The London School of Hygiene and Tropical Medicine research ethics committee approval (Ref: 5804) was secured for the purchase of the antibiotics.

Sample logging.

The packaging and/or blister packs of all the samples were logged in the data collection tool (Epi Info version 3.5),22 which is a public domain statistical software for epidemiology developed by Centers for Disease Control and Prevention in Atlanta, GA, to capture information including brand name, stated APIs, dose form, country of sample collection, date of purchase, name of stated manufacturer, country of manufacture, batch number, date of manufacture, expiry date, and number of capsules/tablets per packet (pack size). Each sample was placed in an individual ziplock bag and given a bar code. All samples were logged onto a database, and tablets weighed and measured prior to laboratory analysis. Drug quality analyses were conducted on a minimum of two tablets or two capsules.

Drug quality analysis.

All samples were assessed for their quality in our laboratory in London using the GPHF MiniLab® as the screening tool.17 The amount of stated API for the content analysis and release over time for the in vitro dissolution testing was measured using HPLC-PDA, following USP monographs.23

Visual inspection.

All the packaging and blister packs of formulations were digitally scanned to record any abnormal spelling or unduly faded color of the packaging as a result of being stored in direct sunlight and/or high humidity. Each formulation (tablet or capsule) was also weighed and measured using electronic digital calipers.
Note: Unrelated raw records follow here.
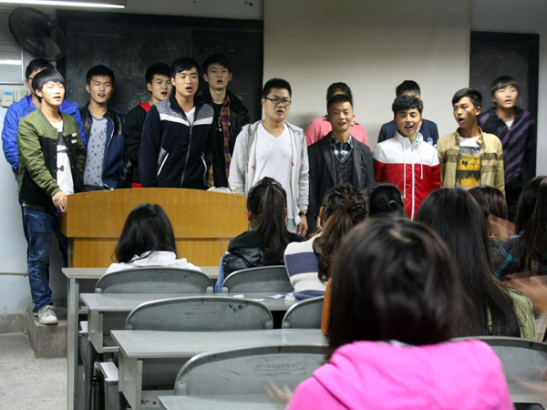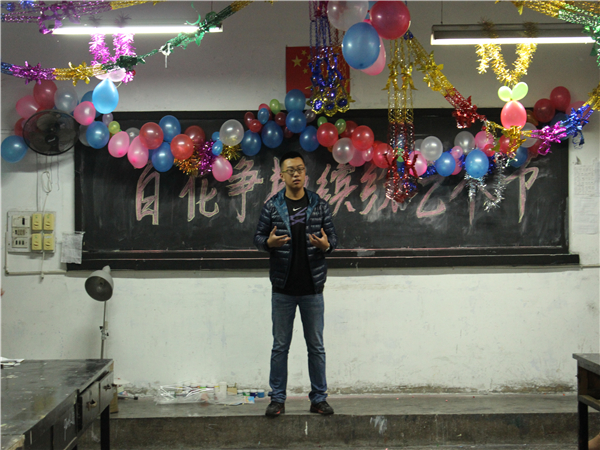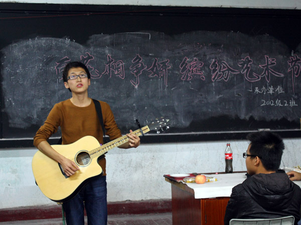 本次主题班会在各班班委的精心准备下准时开始。各班级准备的节目形式多样,内容丰富,有别具特色的民族歌曲、铿锵有力的军歌、神奇多变的魔术表演、声情并茂的吉他弹唱和活跃气氛的游戏等等。在表演过程中,同学们积极参与、尽心表演,将整个主题班会推向了高潮。值得一提的是11级8班和12级2班同学吉他弹唱表演,他们那浑厚有力、富有穿透力的歌喉和动情的吉他弹奏,吸引了同学们的眼球,同时赢得了大家的掌声和称赞。
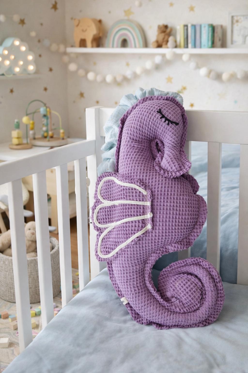 This enchanting seahorse pillow brings a touch of maritime lightness and gentle comfort to any child's room. With its soft waffle texture and charming details like the embroidered eyelash and decorative corded fin, it will quickly become a favorite companion for cuddly toys of all ages.
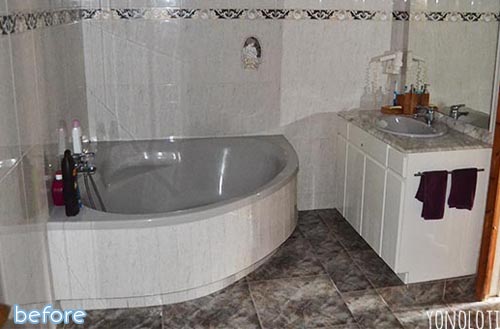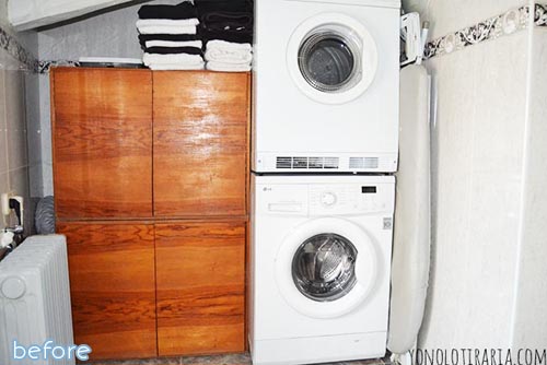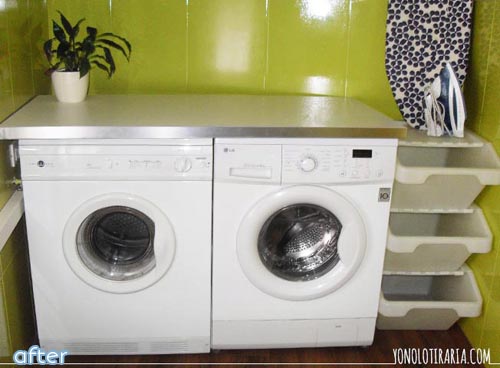 August 14, 2014 at 10:10 AMThis is a most EXCELLENT After! First of all, I LOVE the lime on the walls and tub surround! And at first I thought that the tub had been re-done but now I realize that it’s the same grey that it was originally–but that’s okay! And secondly, what a perfect place to have the laundry–in the room where you remove the majority of what you have to wash anyway! Genius! And the appliances look happier and more function-friendly (to provide a folding surface). Great job, Javier!
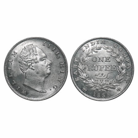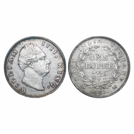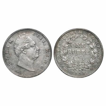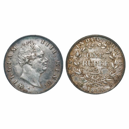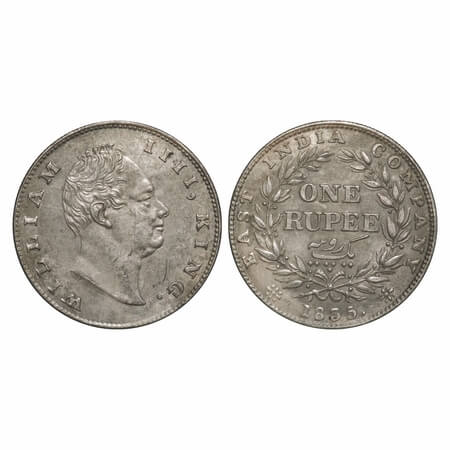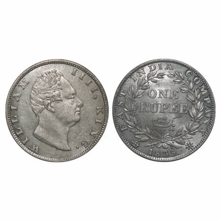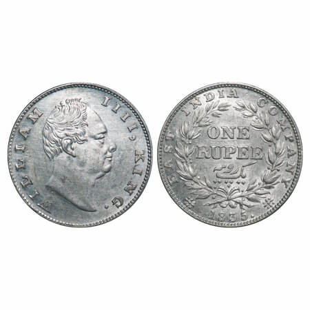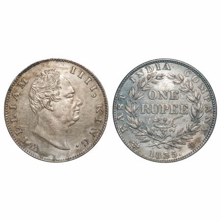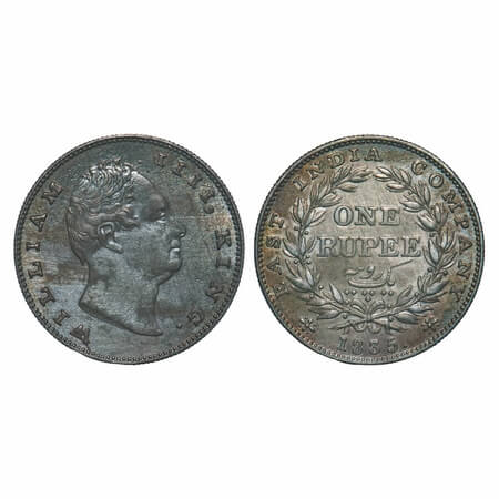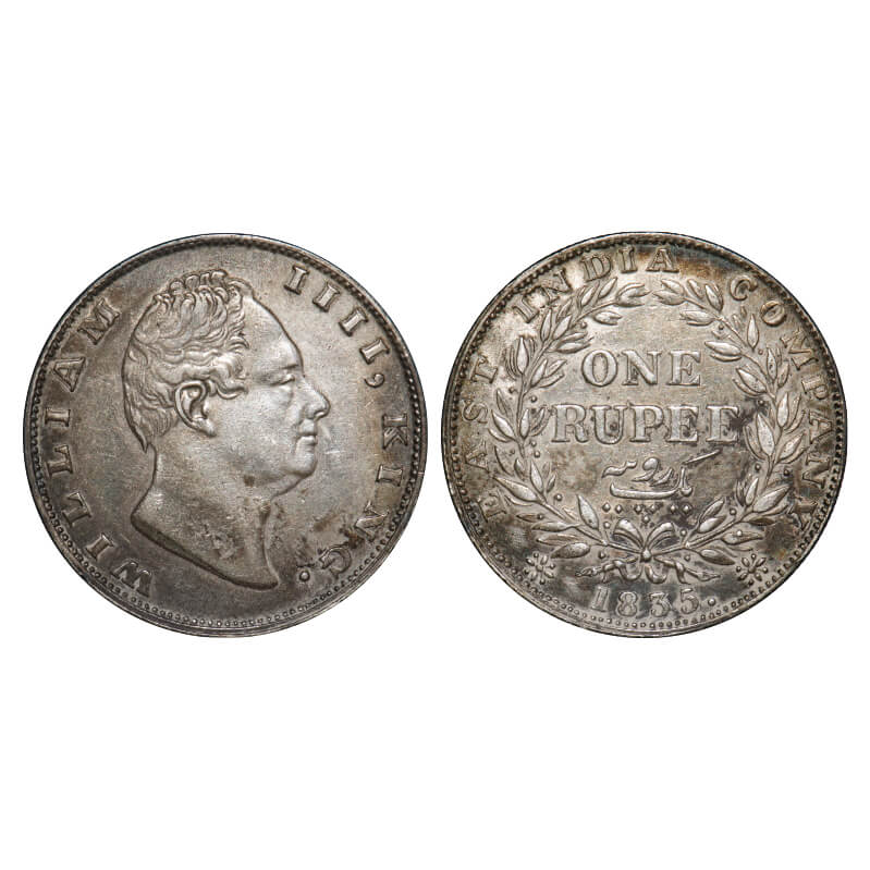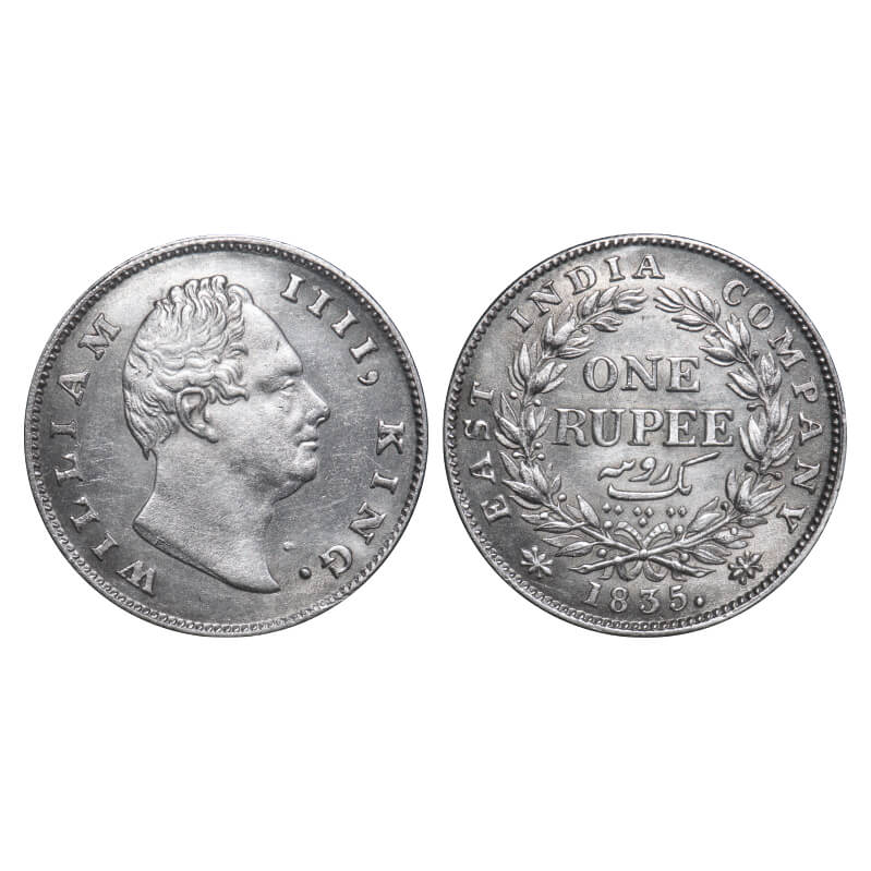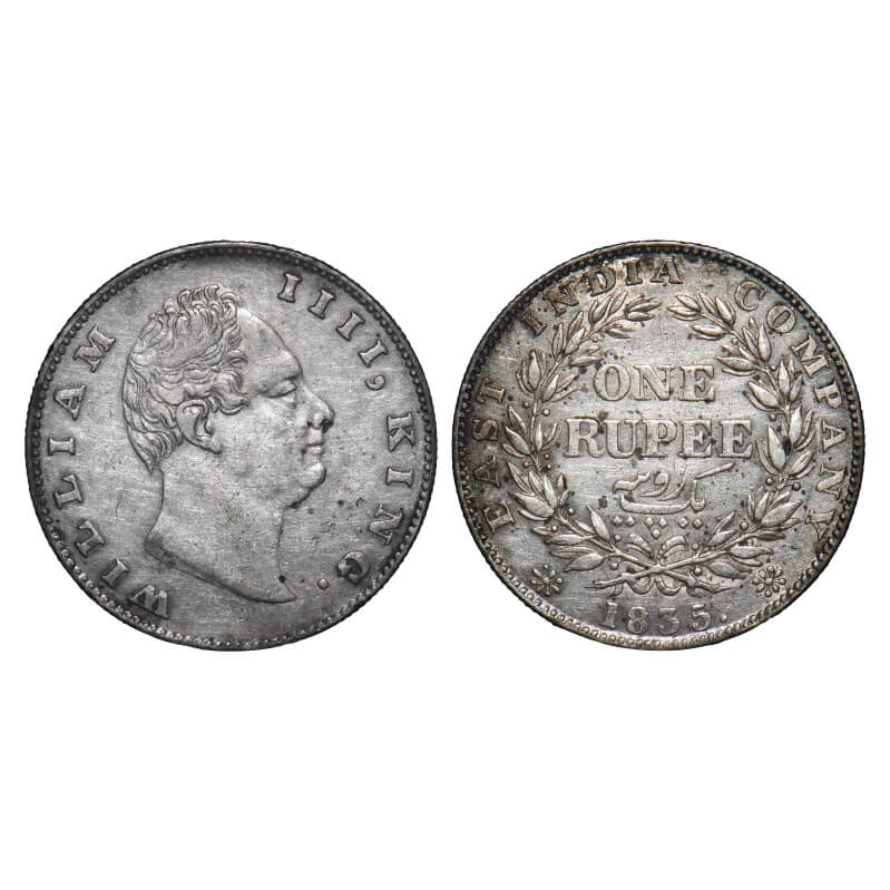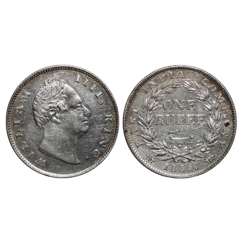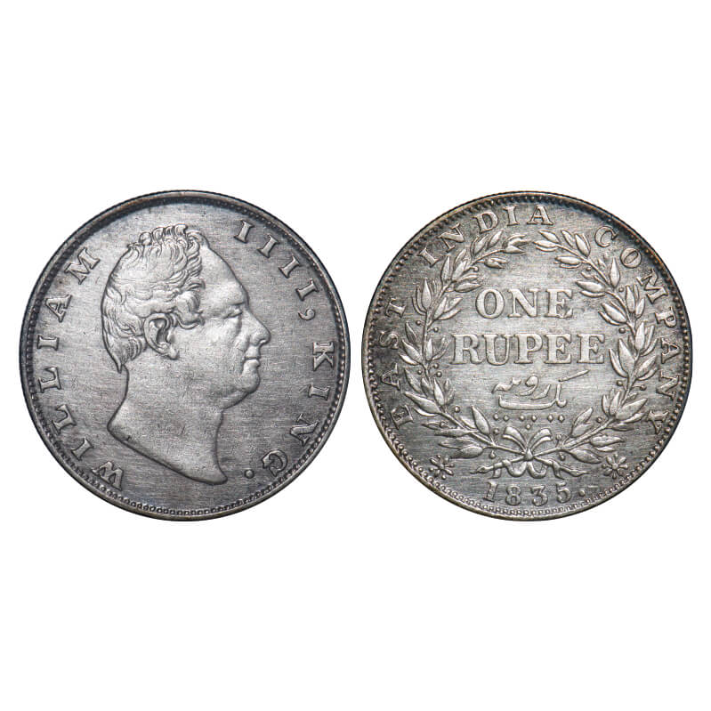 William IV, Silver, Rupee, 1835, Calcutta Mint, A/II, 'F' incused, Rev aligned, Wreath with 19 Berries (10L + 9R). F. Prid 34. GK 14. About Uncirculated. Very Scarce.

Drug quality screening test (GPHF MiniLab®).

All the samples were tested using two of the tests in the MiniLab® following the manual instruction for each drug.17

  • Colorimetric test detects the presence of the stated API.
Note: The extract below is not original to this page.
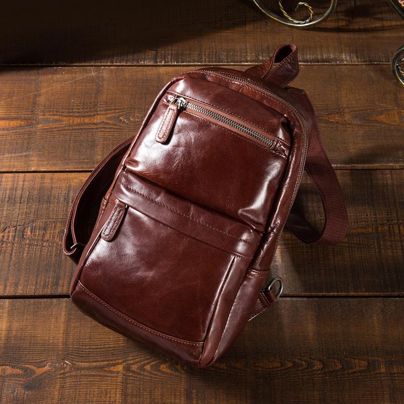 Design: Cool Black Mens Leather One Shoulder Backpack Sling Bag Sling Crossbody Bag for MenOverview:
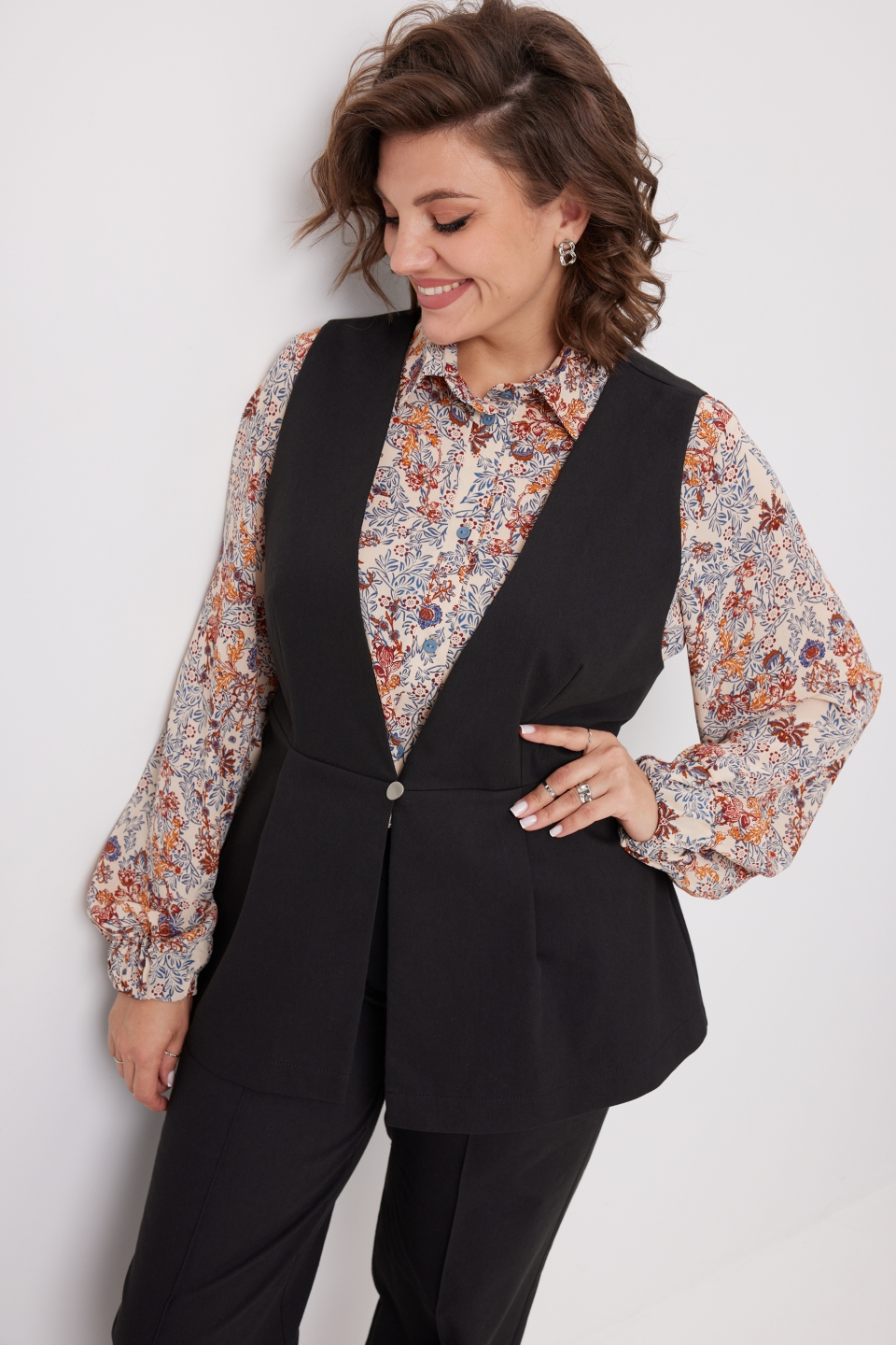 талии создают односторонние складки по линии переда. Жилет отлично сочетается

  • TLC test identifies the APIs present in each sample.

HPLC-PDA conditions.

Reference standards of amoxicillin, sulfamethoxazole, and trimethoprim were purchased from Sigma-Aldrich, Dorset, United Kingdom. All equipment and solvents used were purchased from Thermofisher Scientific, Hemel Hempstead, UK.
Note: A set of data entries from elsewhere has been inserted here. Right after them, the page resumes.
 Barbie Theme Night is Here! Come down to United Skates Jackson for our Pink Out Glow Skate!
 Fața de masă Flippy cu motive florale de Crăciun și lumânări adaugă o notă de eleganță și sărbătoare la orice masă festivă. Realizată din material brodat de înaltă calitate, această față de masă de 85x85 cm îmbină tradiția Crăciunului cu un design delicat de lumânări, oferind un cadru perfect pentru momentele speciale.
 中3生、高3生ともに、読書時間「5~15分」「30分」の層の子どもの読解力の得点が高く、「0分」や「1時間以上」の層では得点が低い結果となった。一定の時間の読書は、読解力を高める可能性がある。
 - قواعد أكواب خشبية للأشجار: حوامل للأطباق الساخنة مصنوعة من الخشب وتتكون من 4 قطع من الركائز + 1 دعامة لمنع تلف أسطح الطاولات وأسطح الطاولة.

HPLC analyses were carried out using a Dionex Ultimate 3000 HPLC system. In brief, samples were separated on an Acclaim 120, C18, 5-μm analytical column (4.6 × 150 mm) from Fisher Scientific, Leicestershire, United Kingdom, with gradient elution from 100% solvent A (20 mM ammonium formate [pH 2.7]) to 100% solvent B (acetonitrile) over 6 minutes at a flow rate of 1.4 mL/min. The photo-diode array detector (UV-PDA; DAD 3000) was set at 275 nm (better resolution of the peak of amoxicillin is achieved at 230 nm). Figure 3 shows the separation of the three compounds. Peak identity of amoxicillin, sulfamethoxazole, and trimethoprim was confirmed by measuring the retention time, spiking the sample with commercially available standards and determination of absorbance spectra using the UV-PDA. Calibration curves of each compound were generated by Thermofisher Scientific Dionex Chromeleon 7.2 chromatography data system software (Thermofisher Scientific, Hemel Hempstead, UK) using known amounts of the relevant standard. The coefficient of determination for amoxicillin was 99.39%, for trimethoprim 97.83%, and for sulfamethoxazole 99.60%. Results for the content analysis are expressed as a percentage of the detected API in a given sample from the stated dose on the packaging. For dissolution testing, the amount of API released over time was monitored using our in-house HPLC-PDA method for the analysis of the aliquot, to determine compliance with USP tolerance limits.

Figure 3.

Figure 3.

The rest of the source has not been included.